Work required:
Output nothing except the lines from the one containing "普段は会議で使っているテーブルを移動して食事スペースにしたり、" through the final line of the data, both included, typed exactly, minus the pictures.

Material provided:

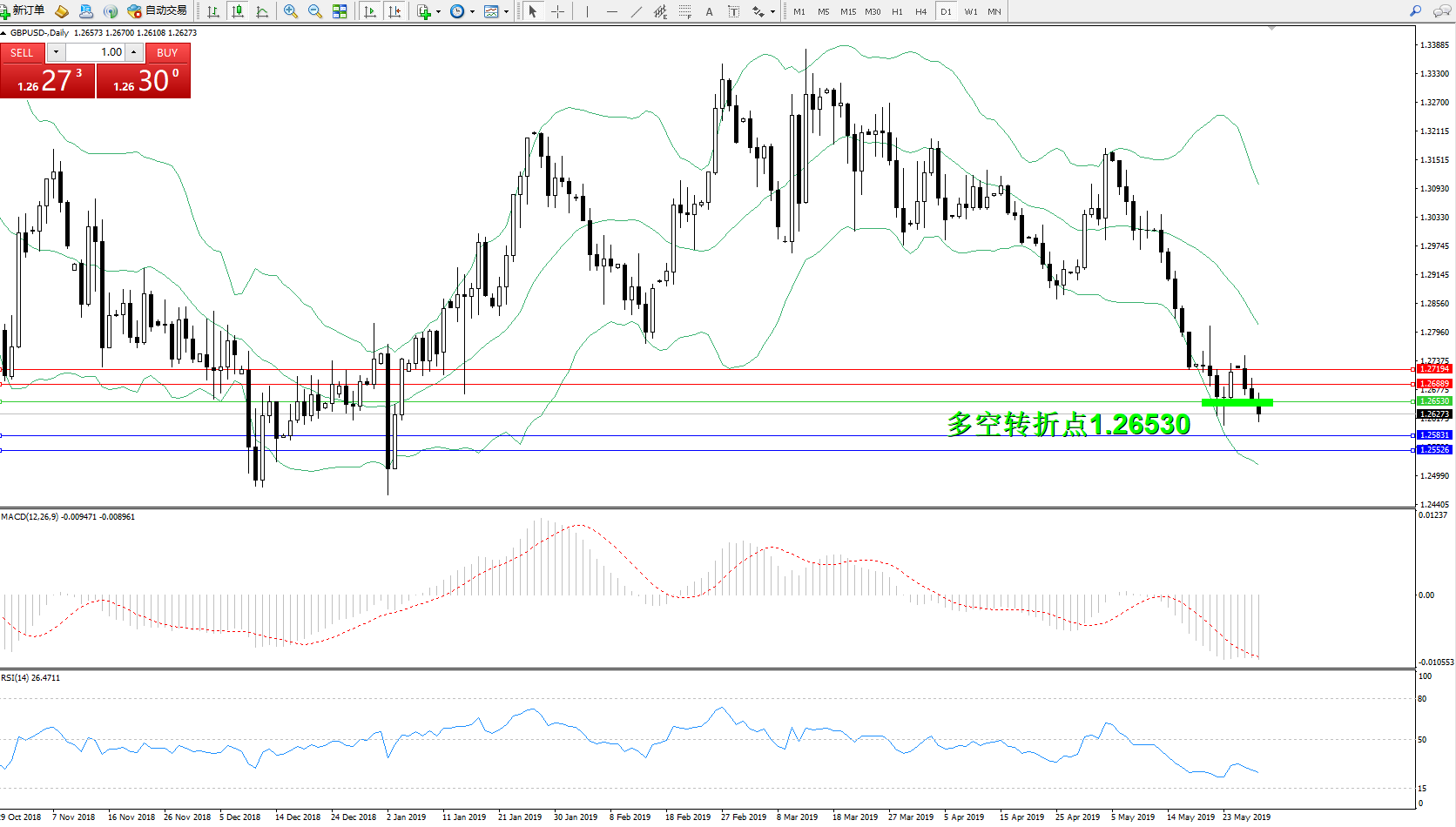 交易策略:1.26530下方看跌,目标1.25831、1.25526
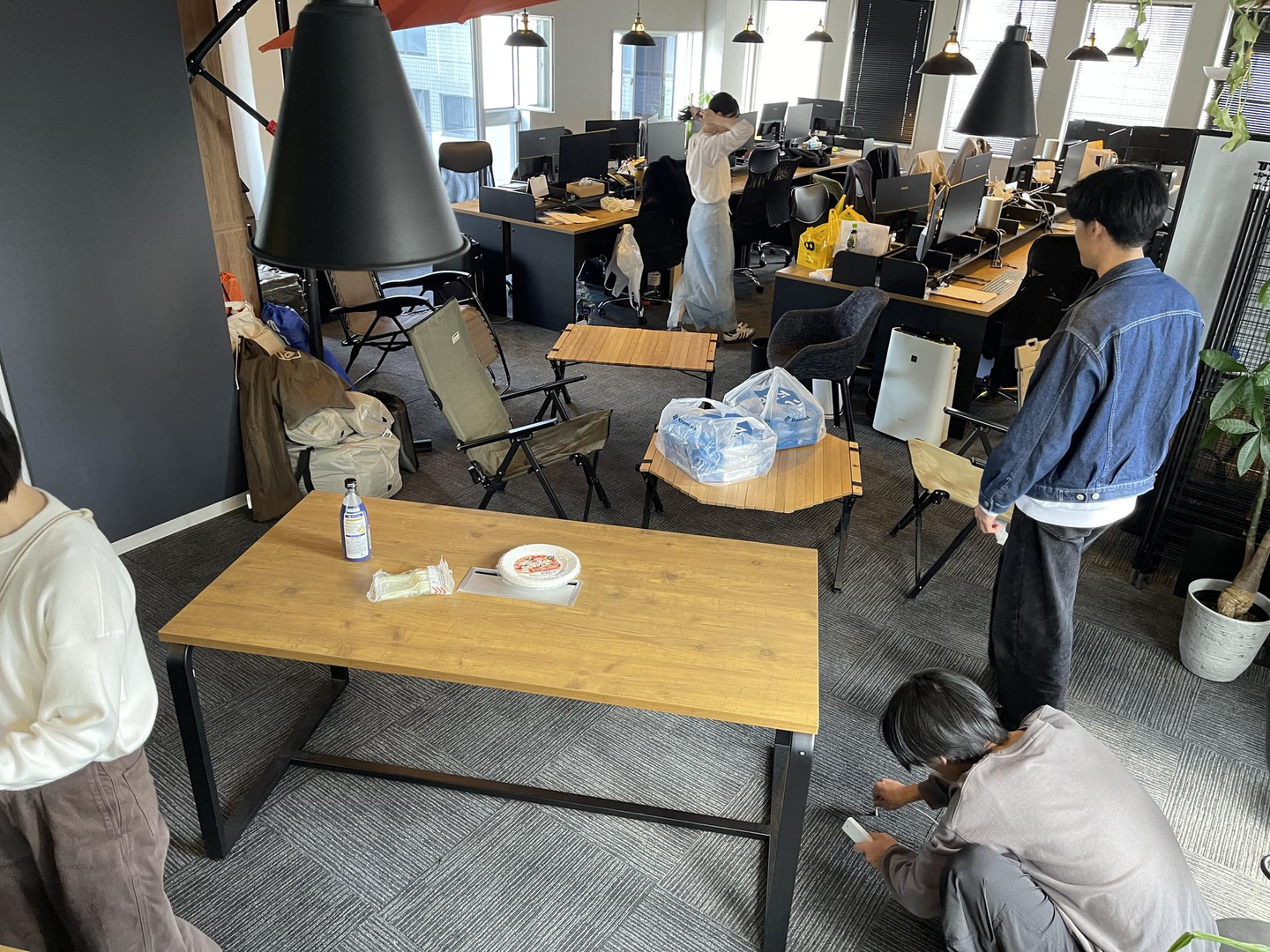 普段は会議で使っているテーブルを移動して食事スペースにしたり、
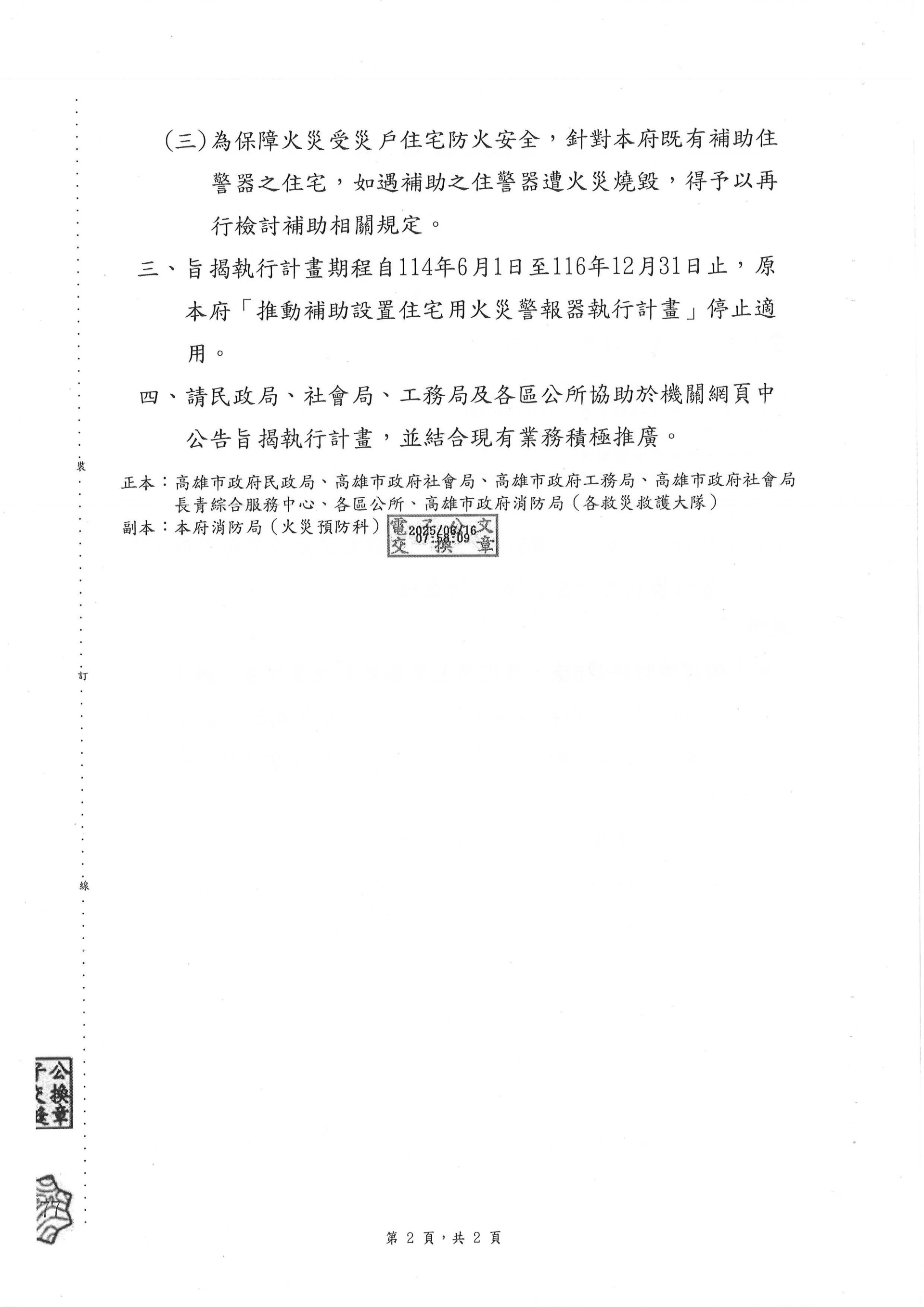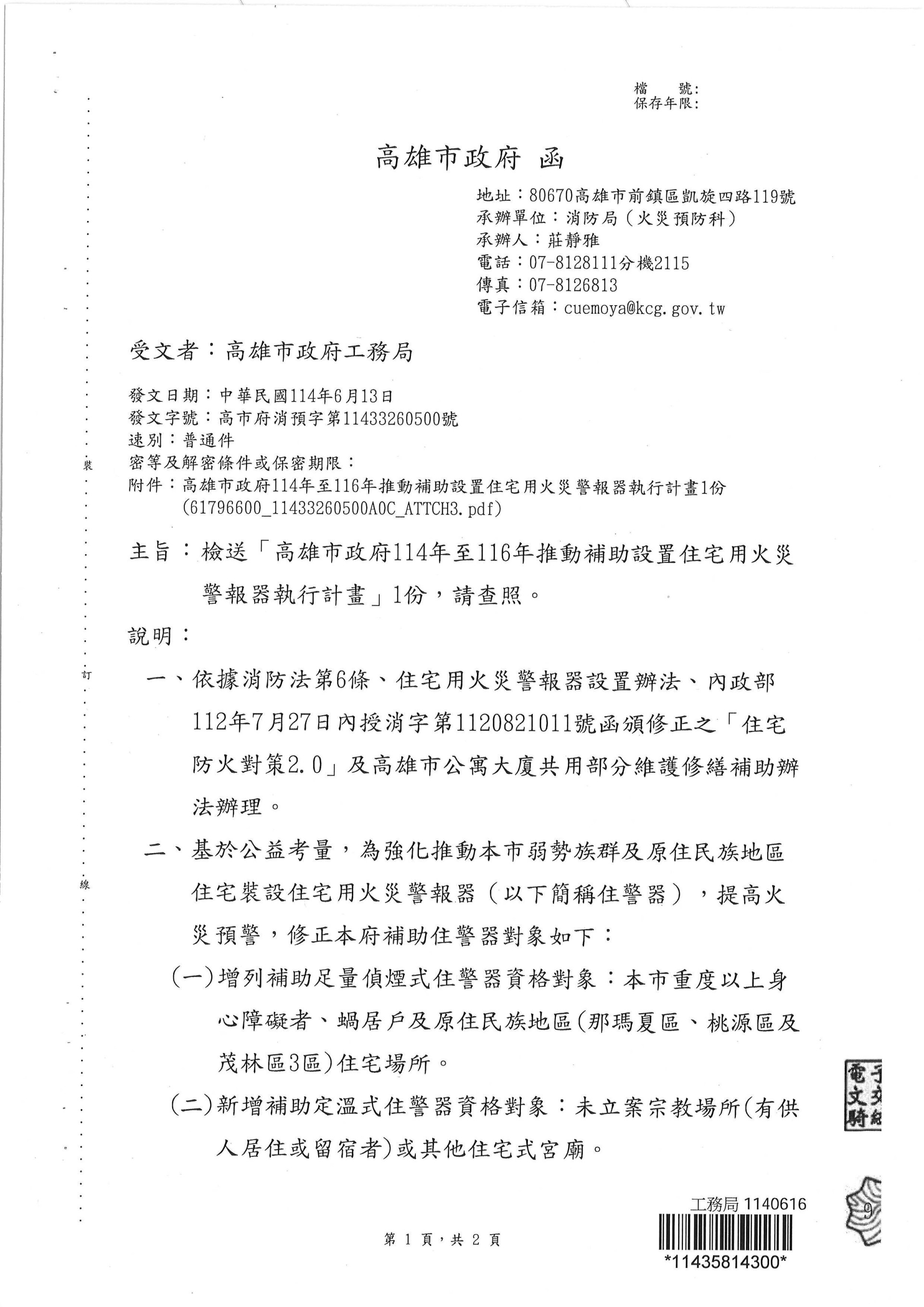 函轉本府消防局檢送[高雄市政府114年至116年推動補助設置住宅用火災警報器執行計畫]

Expected answer:
 普段は会議で使っているテーブルを移動して食事スペースにしたり、
 函轉本府消防局檢送[高雄市政府114年至116年推動補助設置住宅用火災警報器執行計畫]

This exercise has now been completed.